Last month we published an article on dooring, this topic continues to make headlines as statistics become known about this potentially fatal incident.
The Toronto Star reported that police traffic services spokesman; Constable Clint Stibbe dismissed the idea of tracking dooring incidents. He stated,” if you [asked], how many days is it sunny, we’re not going to track that”. He continued, to add that the Toronto police force had no intention of recording such collisions.
This “Fordesque” like comment fails to address the paramount issue of serious personal injuries being sustained by cyclists in Toronto, from fractured thumbs to broken shoulders. When these incidents were tracked, from 2007 to 2011 there were approximately 144 dooring incidents per year in Toronto. This is a significant amount of personal injuries. Keep in mind that the police track the number of people injured and killed every holiday weekend. They also track the number of people injured and killed by impaired drivers and recently the number of injuries and deaths resulting from inattentive drivers who are texting or talking on their telephone.
Injuries and fatalities suffered by pedestrians in crosswalks are tracked. Cyclists are as vulnerable to injury as pedestrians, yet the authorities do not consider capturing this data an important matter.
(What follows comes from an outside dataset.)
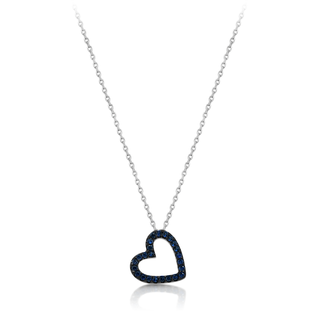Lanț din aur alb de 18K și pandantiv inimă cu 24 de Safire albastre de 0.17ct.

Why are personal injuries suffered by cyclists as result of inattentive operators, or passengers of motor vehicles who open their doors without first ascertaining if it is safe to do so, less worthy of reporting? This is a very important question; one that leaves cyclists feeling overlooked by the police department.
The Highway Traffic Act (Ontario) provides for a fine of $85 for improperly opening a vehicle door. In Chicago Illinois, the fine for dooring a cyclist was recently increased to $1000. The Chicago police track dooring accidents. Why is this such a low priority in Toronto? Can a serious injury to a cyclist rationally be compared to a “sunny day”?